I assume they hope to use RGD as a conduit for their output. Being a major shareholder with a seat on the board might give them some influence in supply negotiations (arguably to the detriment of RGD holders).
Also, rather bizarrely, the more RGD shares Omnicane purchase the more exceptional profit they can book to their accounts (being the difference between what they pay and the net asset value).
There was no mention in the recent trading statement about cash or banking covenants. I think that's significant. My feeling is they'll have to raise funds in the coming months if they are to stave off administration. Perhaps they'll obtain a waiver permitting Omnicane to increase their holding to over 30%, without having to make a bid. Or perhaps Omnicane will be cheeky and make an offer, in all or part with Omnicane shares....you know, those shares that have been inflated by the exceptional profit of buying RGD shares!
When looking at RGD it's also worth paying attention to Pieter Totté's business history and ventures such as Hill Station plc and Acquabella Group plc. Consider his remuneration at RGD and if he delivers on his promises.
Given all this I'm surprised that Investors Chronicle is still so positive. Perhaps they'll be proven right. Or perhaps not.

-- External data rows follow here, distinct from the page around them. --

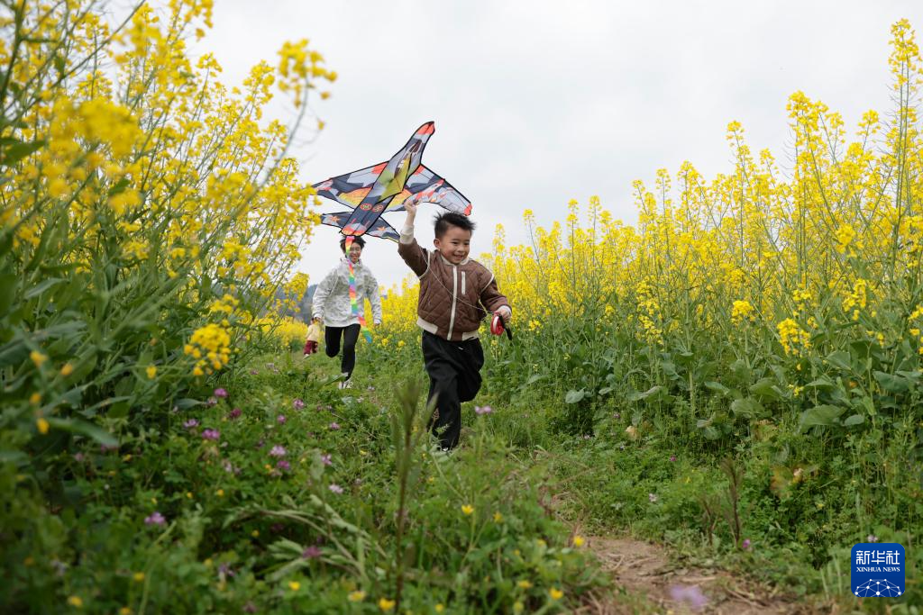 3月14日,小朋友在贵州省黔东南苗族侗族自治州施秉县城关镇上翁哨村油菜花田中放风筝。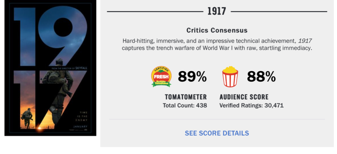 爛番茄的新鮮度89%,觀眾爆米花度88%。叫好又叫座。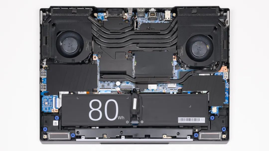 上图是机械革命 耀世16Super的拆机实拍图,6热管双风扇加双液金的组合。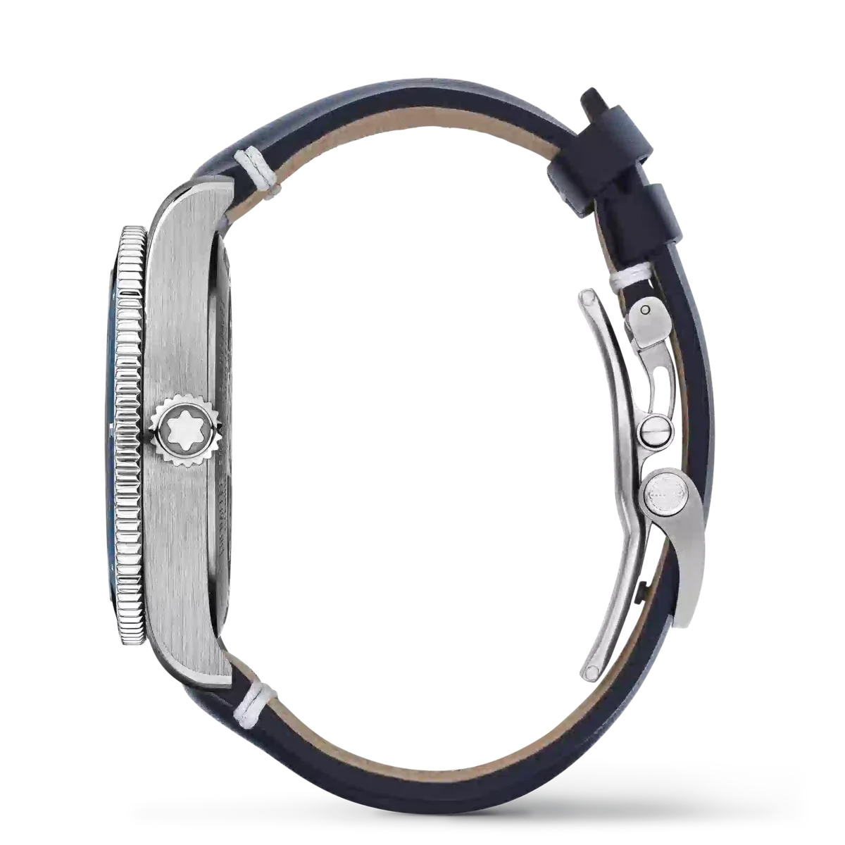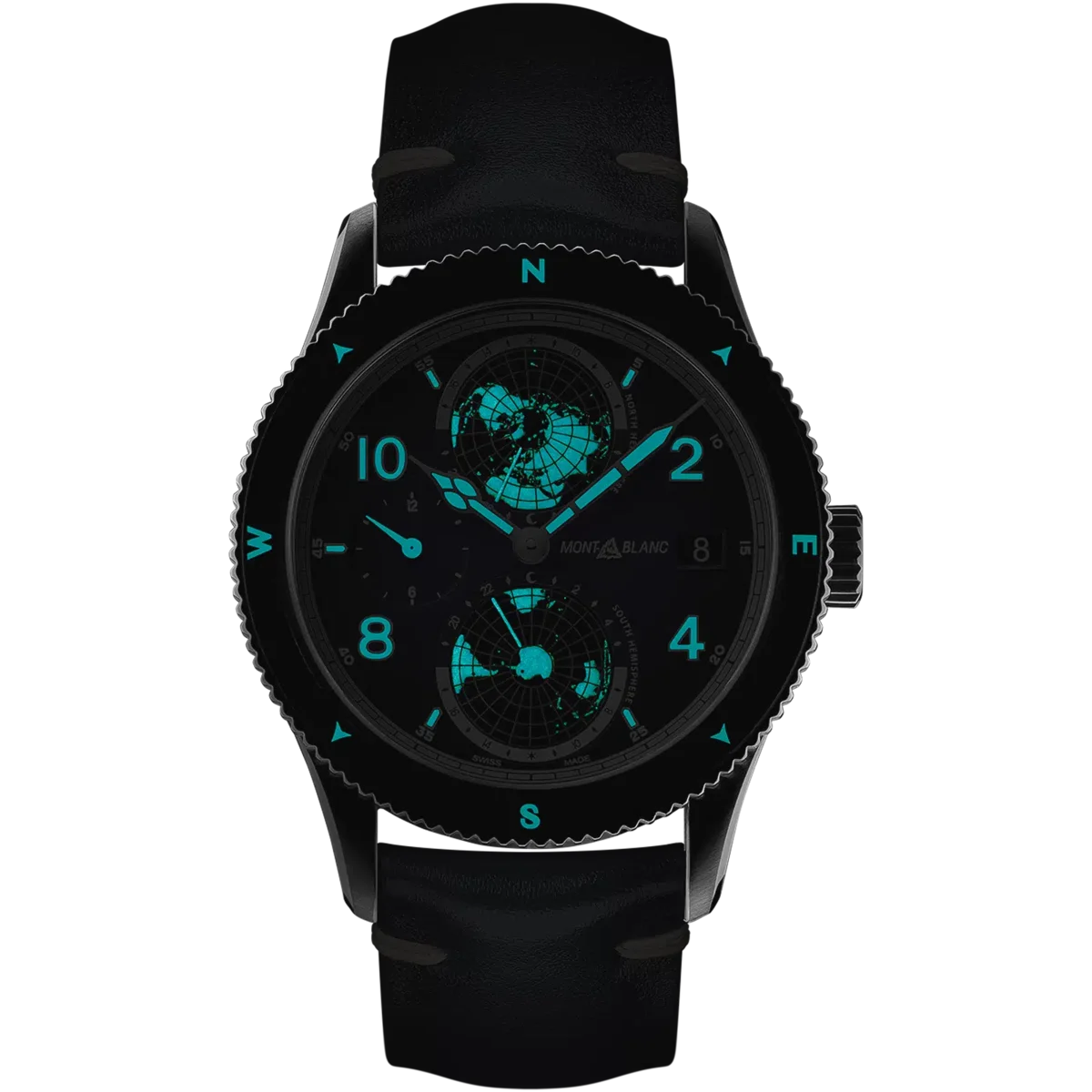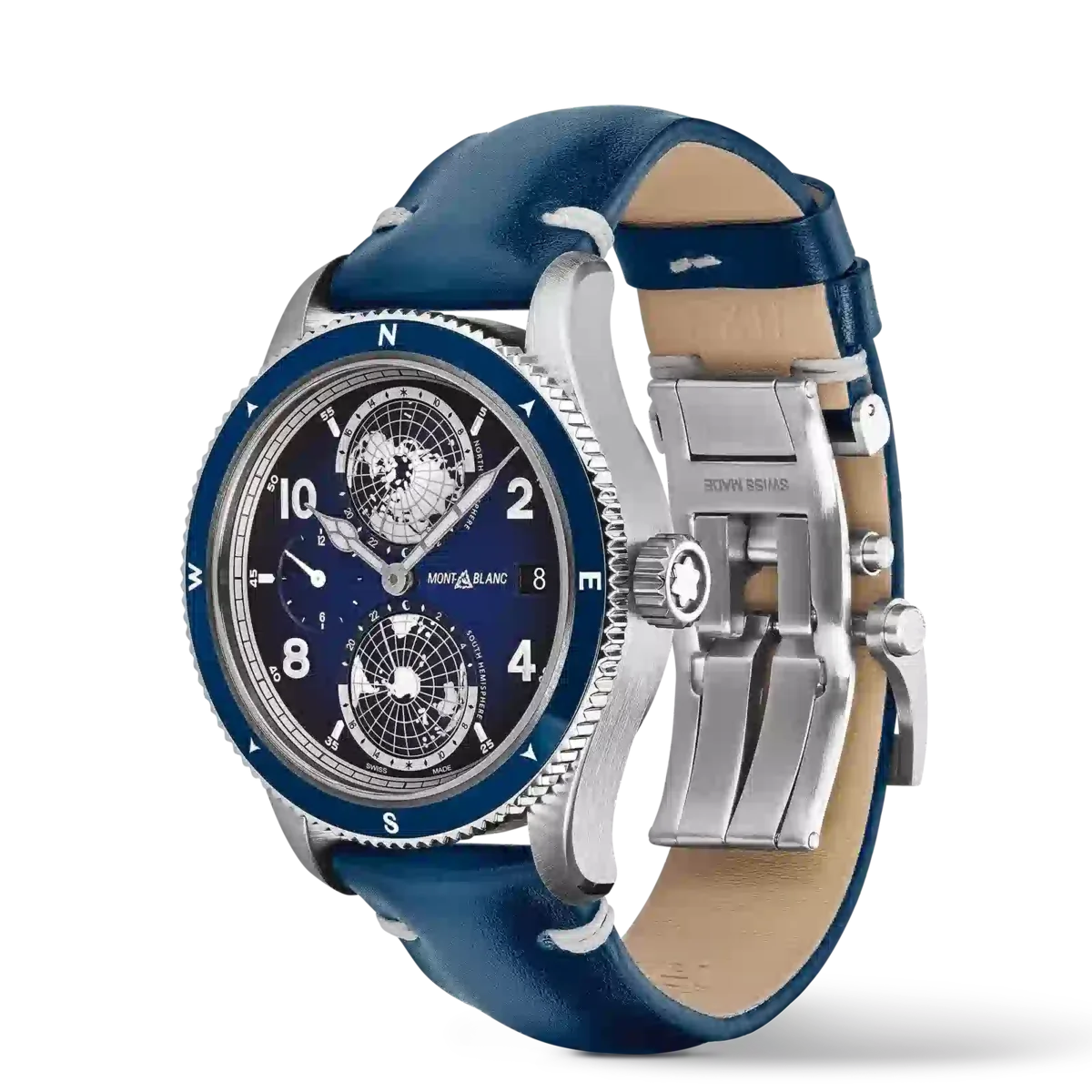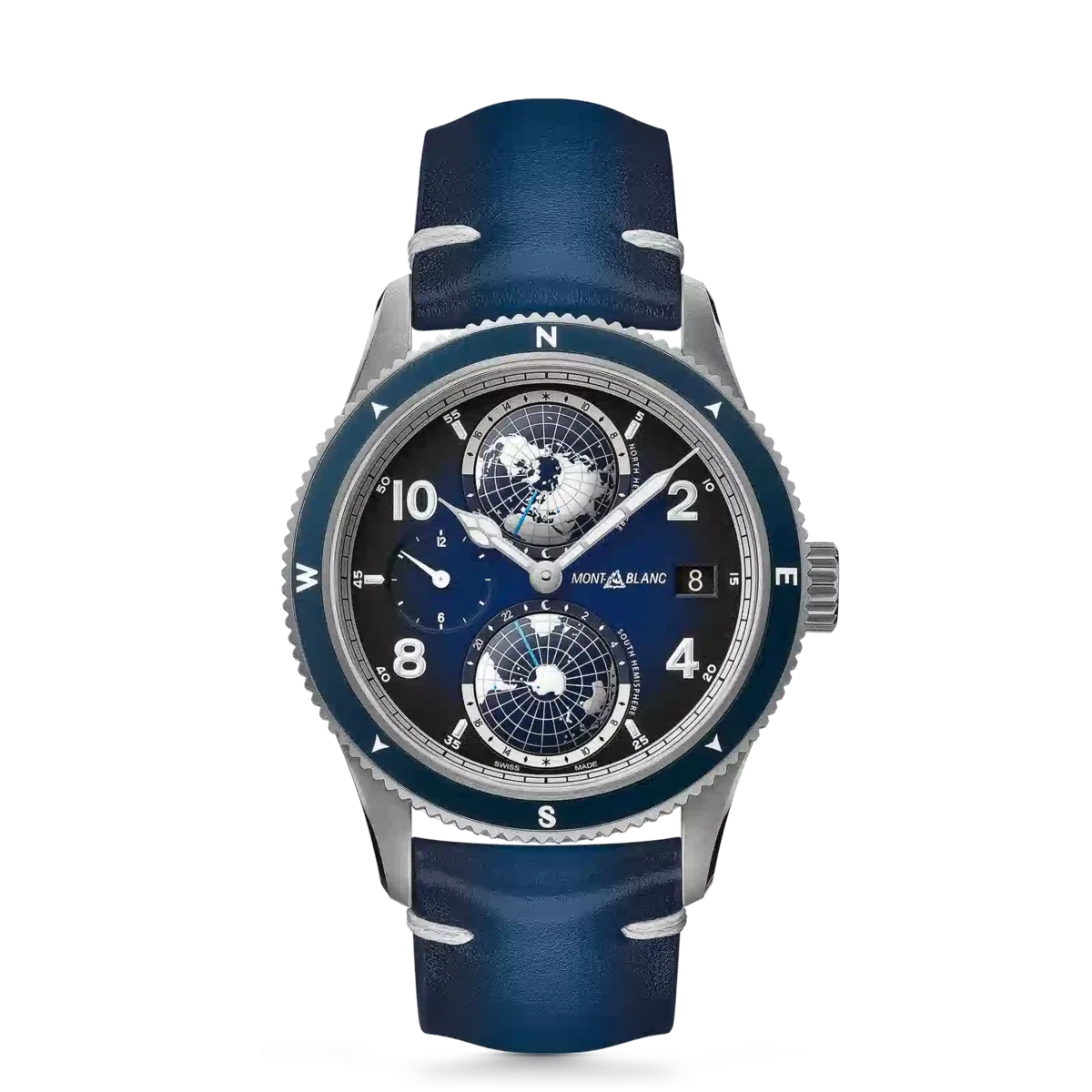 La línea de productos Montblanc 1858 se inspira en los relojes profesionales Minerva de los años 20 y 30, concebidos para uso militar y exploración. Reinterpretando estos legendarios relojes, la línea de productos Montblanc 1858 expresa el espíritu de la exploración de la montaña, encarnando la tendencia moderna de volver a la naturaleza. El Montblanc 1858 Geosphere está dedicado al reto de escalar las siete cumbres más altas del mundo, el santo grial de las aventuras de alpinismo. Se presenta en una caja de titanio de 42 mm combinada con detalles de diseño en azul y blanco hielo contrastante, inspirándose en los colores de los glaciares. El reloj cuenta con una complicación de hora mundial desarrollada por los relojeros de Montblanc en Villeret: dos globos abombados que giran en direcciones opuestas y completan una rotación completa en 24 horas. Ambos están rodeados por una escala con las 24 zonas horarias, junto con una indicación de día y noche en colores contrastantes. Esto proporciona una forma instintiva de apreciar las diferentes zonas horarias, con la ayuda de SuperLumiNova® aplicado a los continentes para aumentar la visibilidad y el rendimiento por la noche. El reloj se completa con una correa de piel de becerro azul sfumato con costuras blancas. N.º de identificación: MB125565

You obviously know far more than me about this! Just so I don't spend too much of my time trying to work it out, why would the main partner (and second biggest shareholder) be ramping up their shareholding if they though it likely that RGD were about to tap the market ? I would assume they would know about the debt situation better than anyone.
I wouldn't expect them to be taken private before first tapping the market for funds in order to reduce debt, which must be mounting. Why do you suppose they've just appointed Daniel Stewart as brokers?
I guess we won't have to wait too long to find out.
You may be right, but I hope not as I bought yesterday!
There is something a bit odd about the situation that they find themselves in. In view of the staff links with British Sugar I really do not believe that they intend being agents of their own misfortune without some form of strategy. Three or four ideas spring to mind regarding the timing of this legal challenge, but the most obvious one would be that they are paving the way to take the company into private ownership. Try checking the original (2013) share ownership and then work out who Omnicane are buying their shares from.
I have no inside knowledge so please DYOR.
I think cash flow at Real Good Food must be pretty dire at the moment. I can't see them surviving without a share issue, perhaps to conicide with the results in June. This might permit Omnicane to hold over 30%.
Certainly not one I'd want to be holding right now. In fact, I'd short them if I could.
Agree with your forecast but ABF, the owners of British Sugar have their own problems.
From their trading statement today: -
'Revenue and profit from Sugar in the first half will be substantially lower than last year. A reduction in EU sugar prices, ahead of regime reform in 2017, has been signalled for some time, although the speed with which the market is adjusting has been faster than anticipated. The world sugar price has also fallen to what we believe to be an unsustainably low level, putting further pressure on industry revenues and margins. This will be reflected in AB Sugar's results, particularly in China. First half sales volumes for Spain, Illovo and China will be lower than last year'.
Tate & Lyle are also affected by this reduction in global sugar price but I can see medium to long term benefits for Napier and RGF since they do have the alternate source of supply.
Napier Brown seem to have a good case regarding BS pricing policy and in due course the action may pay off. But for now the result of that pricing is going to hit results pushing the share price low. A good time to buy?